━━━ Material for this task ━━━

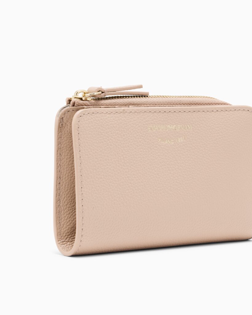 Itāļu luksusa zīmola Emporio Armani klasisks sieviešu naudas maks krēmīgi bēšā krāsā. Izgatavots no raupjas dabīgās ādas. Papildināts ar banknošu, karšu un monētu nodalījumiem. Akcentēts arī zelta krāsas metāla un zīmola logotipa detaļām.
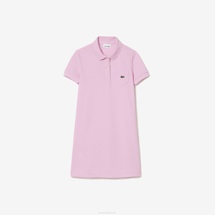 Pure sweetness and Lacoste verve for this flared solid polo dress in ultra-fine mini pique cotton featuring a breast pocket. Coordinate it with a cardigan and sneakers, and your little girl will cruise through the back-to-school season.
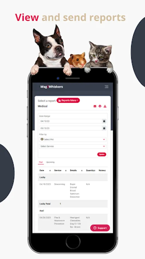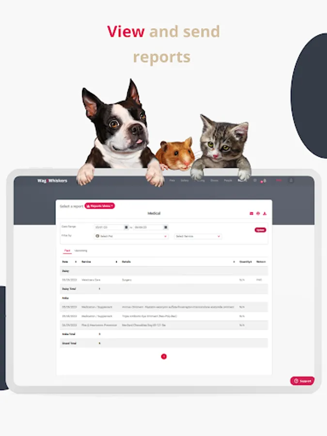 Run a multitude of reports: activities and medical and share with your veterinarian.
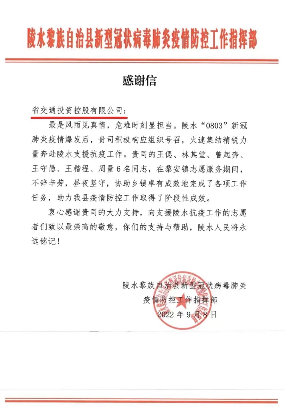 陵水县疫情防控工作指挥部致海南交控志愿者感谢信
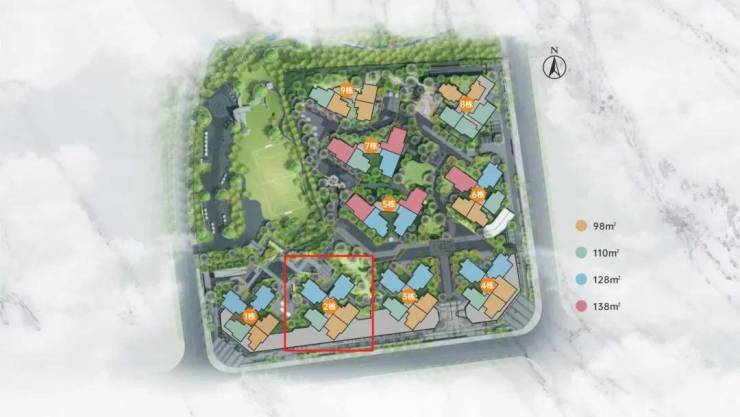 项目当前主推三期【玖璋】组团,均为全南向排布的低密小高层,楼层高度11-15层,1-2层为商业配套,主力户型采用2梯5户设计,部分楼栋为2梯3户,私密性与舒适度更高。主力户型涵盖98㎡3室2厅2卫、110㎡4室2厅2卫、128㎡5室2厅2卫等,得房率超92%,实用率领先周边竞品。
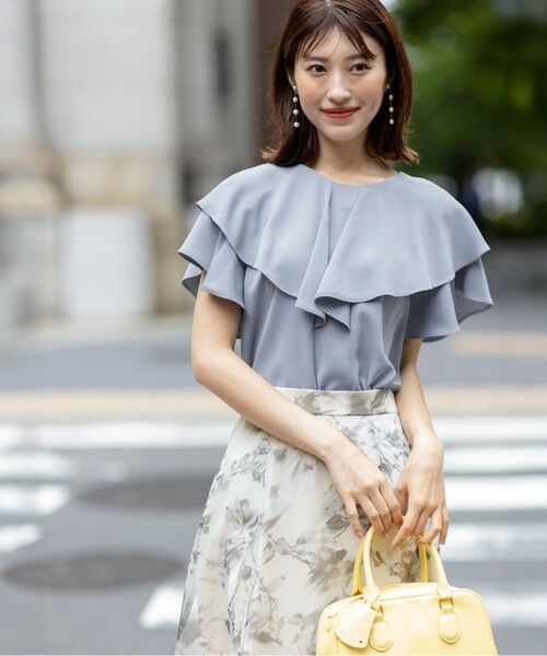 ・フレアディテールが着映えて可愛いブラウス・袖はフレンチスリーブ丈で、気になる二の腕をカバー・ややVネックでデコルテを美しく見せるデザイン・前後のフリルがウエストインでも映えるため、インでもアウトでも着こなせる
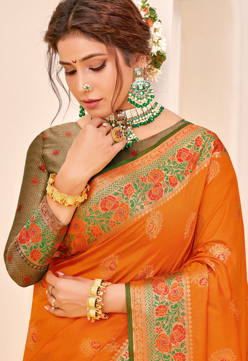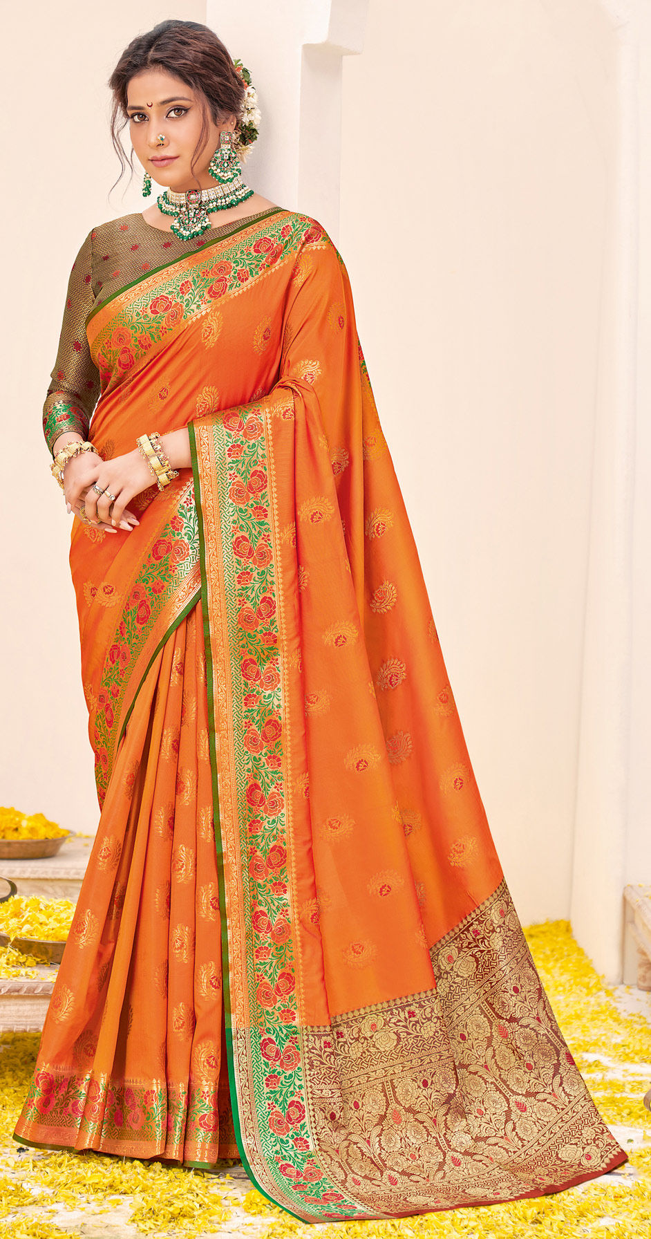 Orange color Saree in Art Silk, Silk fabric with Weaving work
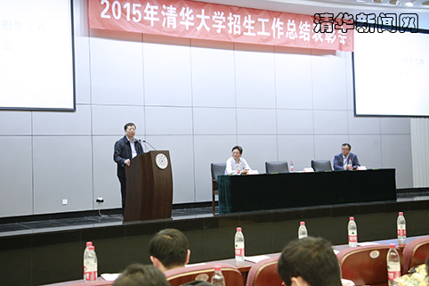邱勇在讲话中代表学校对参与招生工作的教师和志愿者表示感谢,并高度评价了2015年招生工作所取得的成果。他说,招生工作是学校与社会互动的一种重要体现,反映了学校的综合实力与社会影响力,做好招生工作对学校发展具有重要意义。邱勇介绍了清华近期国际化办学与合作研究,以及围绕国家创新体系和学校综合改革进行的一系列工作进展情况。他表示,迈入新百年,全校上下致力于提高清华的办学能力、人才培养水平和社会影响力,这也为招生工作奠定了坚实基础。新形势下清华的招生工作要注重改革创新,将其作为清华扩大社会影响、提升声誉、展示清华精神的一项持续性工作;要注重加强学校与社会的互动,让更多有志于报考清华的考生更好地了解清华;要善于向国内外兄弟院校借鉴优秀经验,进一步改进和完善招生工作的方式方法。希望通过全校各院系各单体的共同努力,进一步提升招生工作能力和水平,努力使每一位学生在适合自身特点的领域里更好地成长成才。
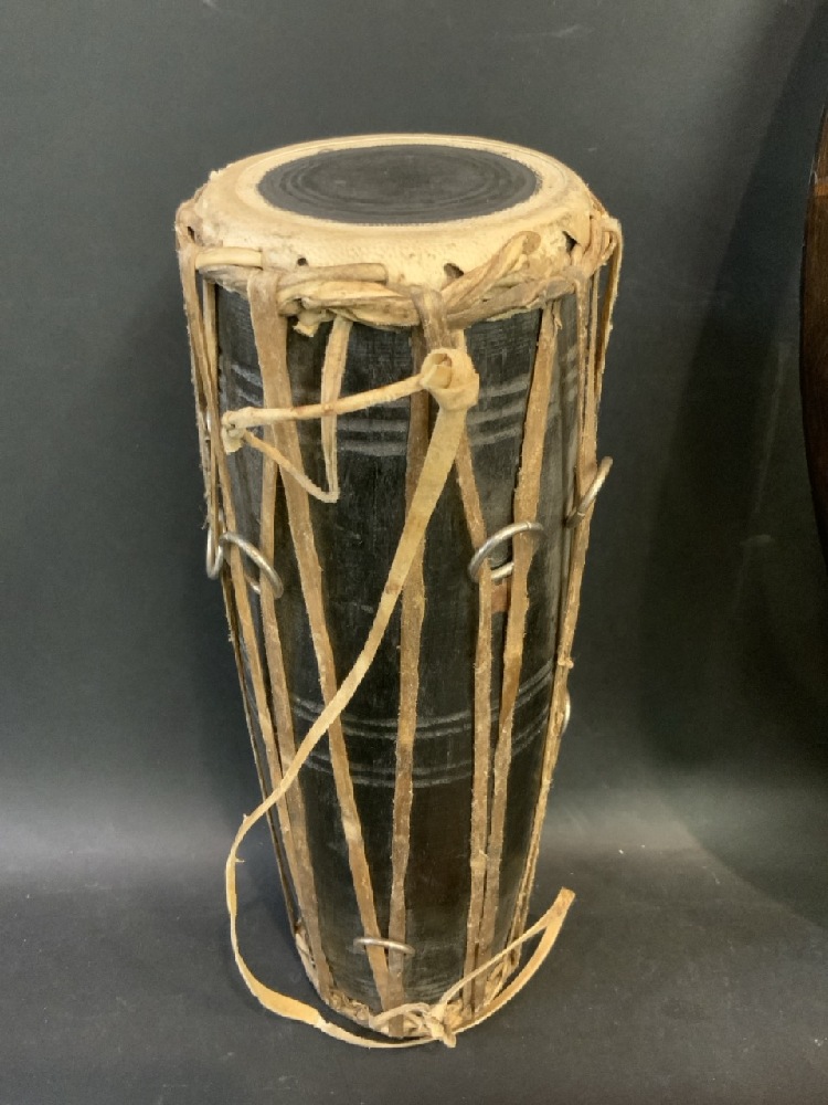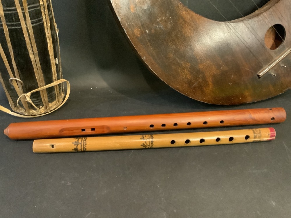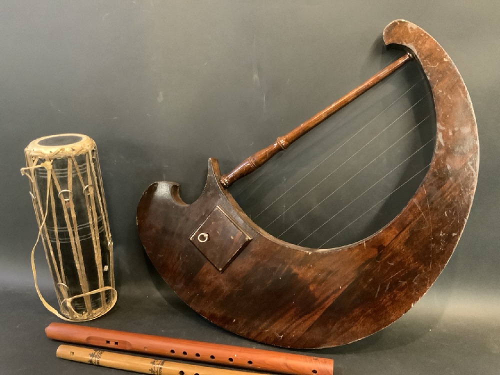 Instrument Grouping - Lyre Harp ca. 1920, Nepal Madal Drum and two (2) Wood Flutes.
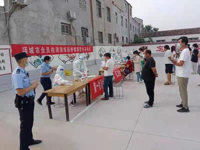 宋磊(左一)在项城市全员核酸检测现场维持秩序
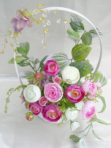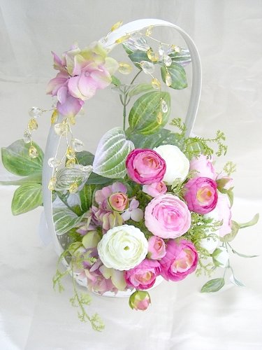 アーティフィシャルフラワー花ギフトラナンキュラスバスケットMサイズアレンジ
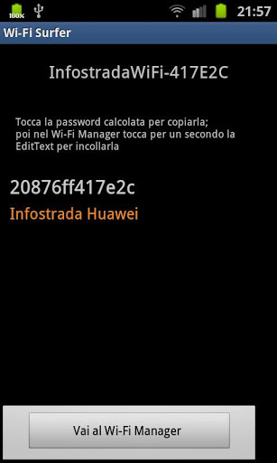 Questa applicazione Calcola la password Di default del wifi di alcuni modem forniti da Fastweb e Telecom.Non Funziona con tutti i modelli e se la password viene cambiata.E39; intesa come applicazione per recuperare una eventuale password smarrita, e non per entrare nella rete del vicino di casa :Non vi nessuna garanzia che funzioni, infatti gratuita,tuttavia se le condizioni necessarie si verificano, non ha mai fallito.Provatela e mandate un feedback.

━━━

* _What to work on_: Nothing should be printed except the lines from the one with "アーティフィシャルフラワー花ギフトラナンキュラスバスケットMサイズアレンジ" through the last line of the listing above, both ends included; please drop the pictures.

* _Solution for this exercise_:
 アーティフィシャルフラワー花ギフトラナンキュラスバスケットMサイズアレンジ
 Questa applicazione Calcola la password Di default del wifi di alcuni modem forniti da Fastweb e Telecom.Non Funziona con tutti i modelli e se la password viene cambiata.E39; intesa come applicazione per recuperare una eventuale password smarrita, e non per entrare nella rete del vicino di casa :Non vi nessuna garanzia che funzioni, infatti gratuita,tuttavia se le condizioni necessarie si verificano, non ha mai fallito.Provatela e mandate un feedback.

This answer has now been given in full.